Turkey's current account deficit at $62mn in Oct, some forecast surplus

  • "We will see an inevitable slowdown in economic activity in the first half of 2021. Taking into account tourism as of April-May, there will likely be significant improvement in the current account," he said.
Published December 11, 2020

ANKARA: Turkey's current account is expected post a relatively small deficit of $62 million in October, a Reuters poll showed on Wednesday, as exports stood at an all-time high.

In the poll of 12 economists, forecasts for October ranged between a deficit of $600 million and a surplus of $550 million. The median estimate forecast a $62 million deficit.

Turkey's foreign trade deficit, a main component of the current account, climbed 34.4% year-on-year in October to $2.37 billion according to the general trade system, data from the country's statistics institute showed.

The relatively strong performance of the current account in October is due to exports standing at a record high level, and a drop in imports compared to previous months, said Daglar Ozkan, economist at Is Yatirim.

"Imports weren't as high as they were in September, the reduction of gold imports contributed to this.
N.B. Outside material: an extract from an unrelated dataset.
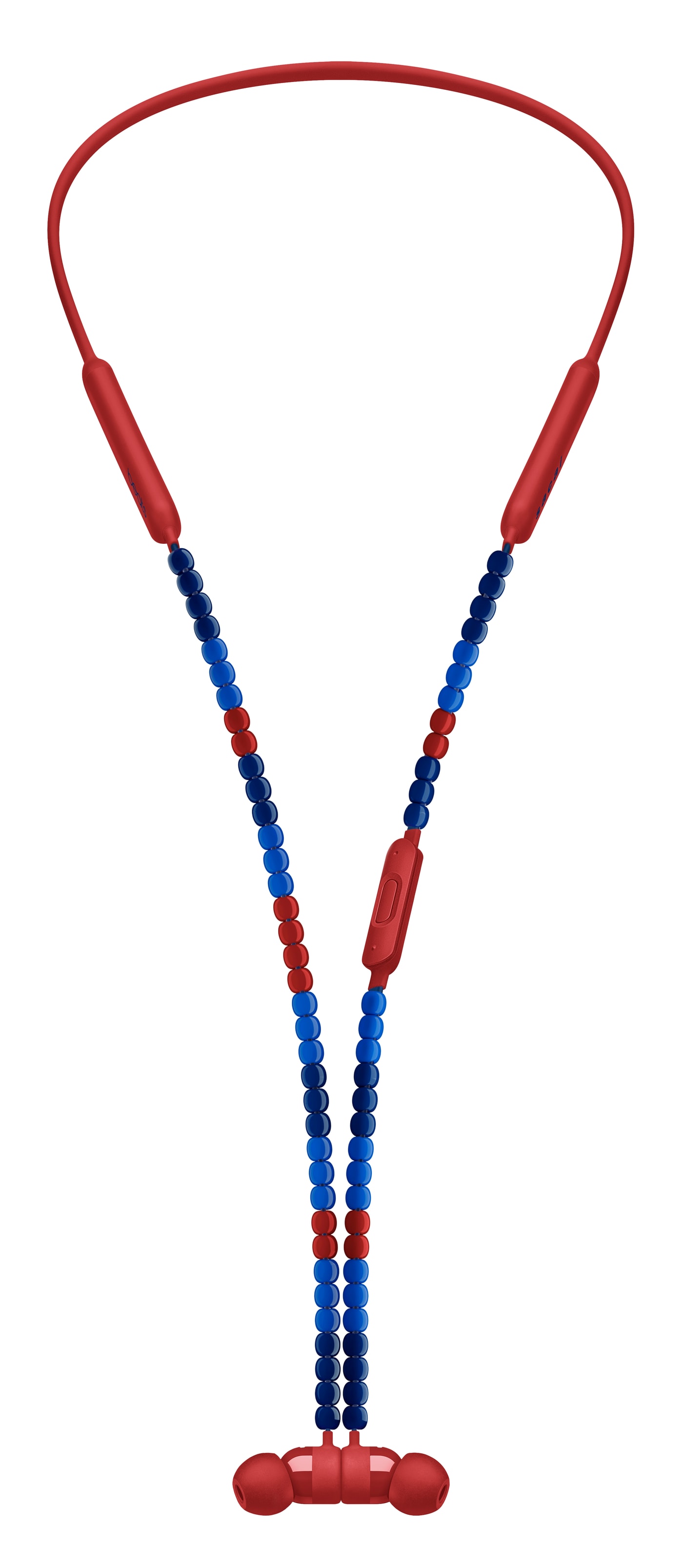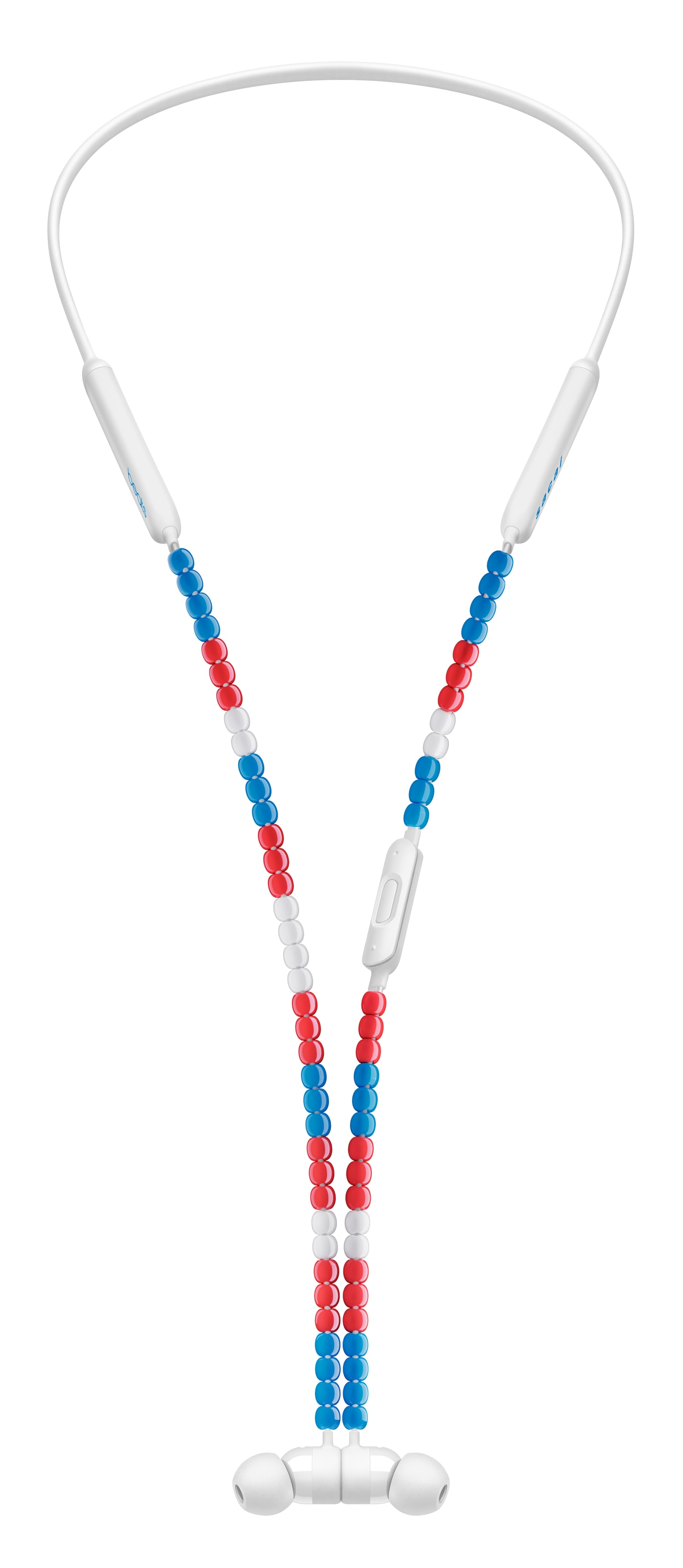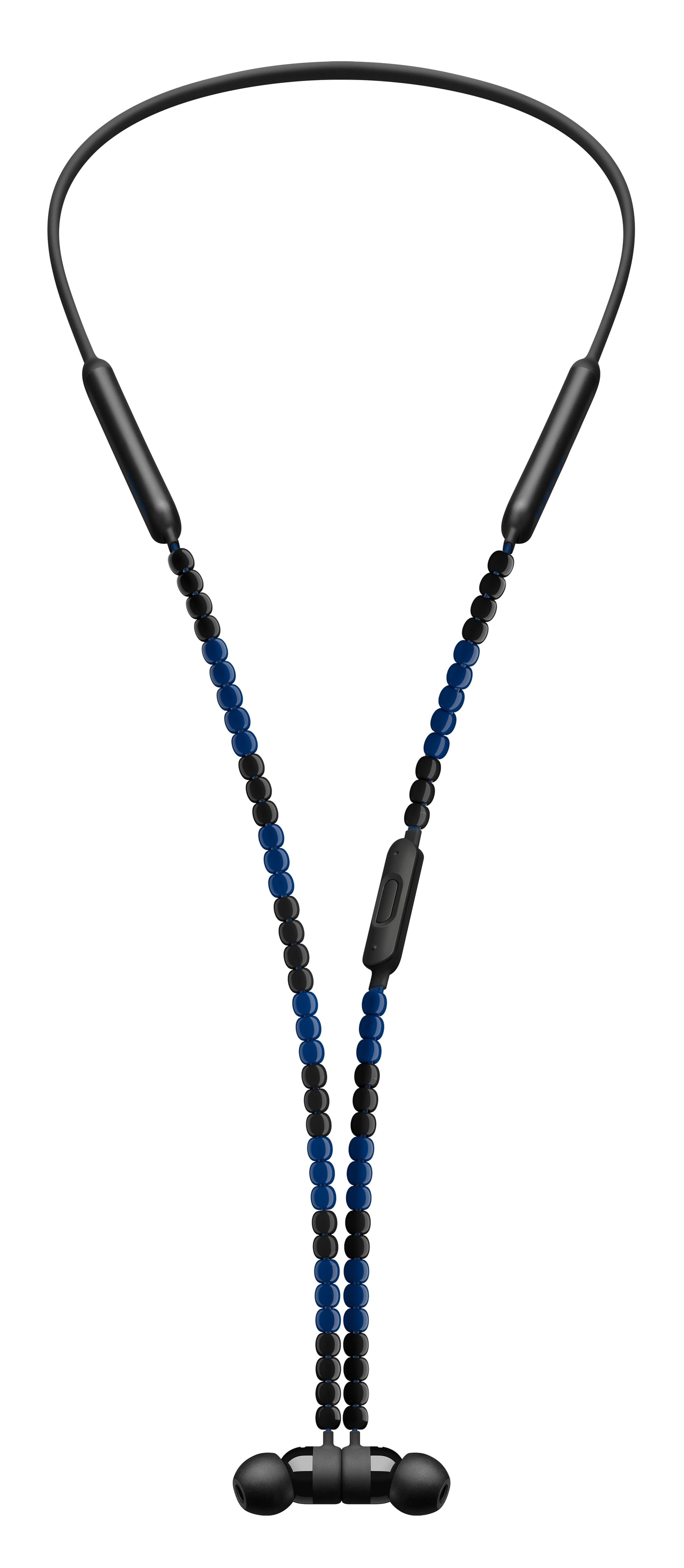 Dans ces clichés, on distingue des écouteurs à perles en trois coloris : rouge vif, blanc profond et noir véritable. Cette collection prend son inspiration à l’aide de bijoux et de perles personnalisables. De plus, ces perles peuvent être portées comme un serre-nuque. Finalement, cet accessoire se rapproche de la mode et est personnalisable.

Therefore, we will see the one of the best monthly performances this year of the current account in October," he said, adding that the deficit would likely increase again in November.

For the whole year, the median response of 11 economists was for a current account deficit of $35 billion, unchanged from last month's survey, with forecasts ranging between $32 billion and $36 billion.
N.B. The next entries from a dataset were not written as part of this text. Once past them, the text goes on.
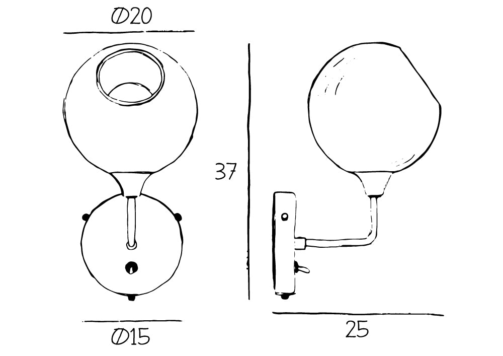 Lampen er beregnet for montering direkte på veggen med bryter elegant plassert på basen for enkel bruk. Den passer til en globepære (Ø80) med maks 40 watt og E27-sokkel, og med sine dimensjoner på H37 x Ø15 x D25 x Ø20 cm blir den en nydelig detalj i ethvert rom.
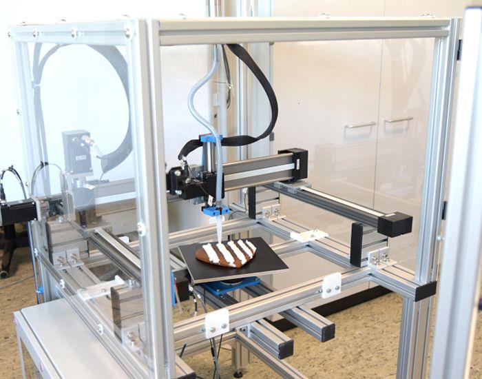 The robotic system automates the precise decoration of confectionery items, ensuring uniform designs and reducing the physical effort required for repetitive manual tasks.
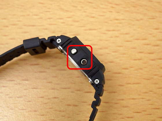 文字盤から見て左側の側面には銀色のボタンを2個搭載。
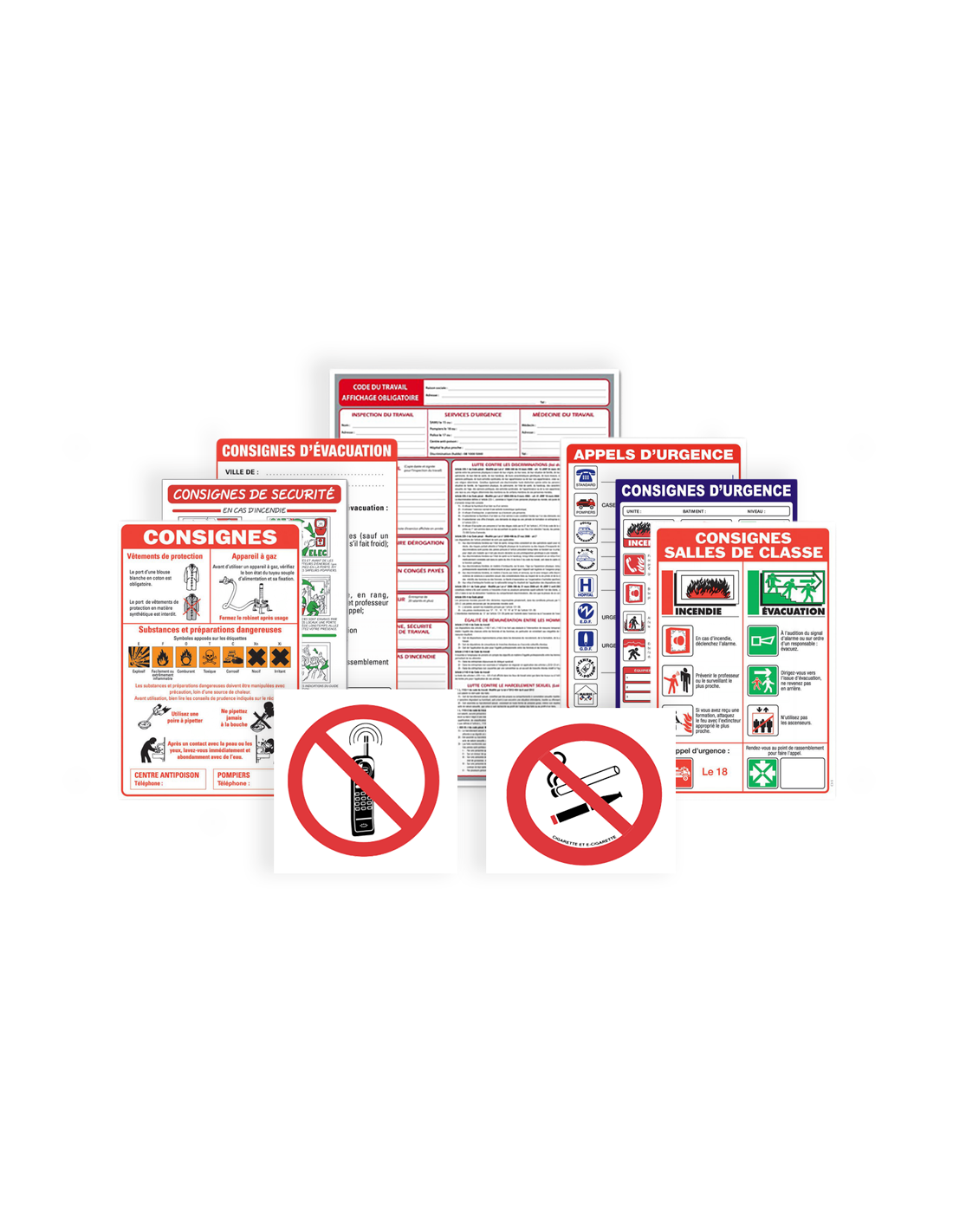 En achetant notre affichage obligatoire - Ecoles, vous pouvez réaliser une économie de 15% sur le prix total. Grâce à notre kit affichage obligatoire spécifique aux écoles, collèges et lycées, vous pouvez collecter les informations de base et obligatoires à afficher dans vos locaux. Avec ce kit, vous serez en mesure de vous conformer aux lois du travail français.

Turkey's long history of current account deficits - which topped $52 billion in 2018 - has again been worrying investors after the lira touched record lows and the central bank ate into its foreign exchange reserves.

Ankara expects a deficit of $24.4 billion, or 3.5% of GDP this year. Without the downturn in tourism due to the coronavirus pandemic and surging demand for gold, Turkey would have posted a surplus of $12.4 billion, according to government estimates.

The current account is expected to recover in 2021 and could end the year with a deficit around $20 billion or less, said Ozkan, and a slowdown in credit growth would lead to a first quarter contraction in imports. An expected recovery in tourism starting in spring would also support the current account.

"We will see an inevitable slowdown in economic activity in the first half of 2021. Taking into account tourism as of April-May, there will likely be significant improvement in the current account," he said.

The central bank is scheduled to announce the October current account data at 0700 GMT on Dec. 11.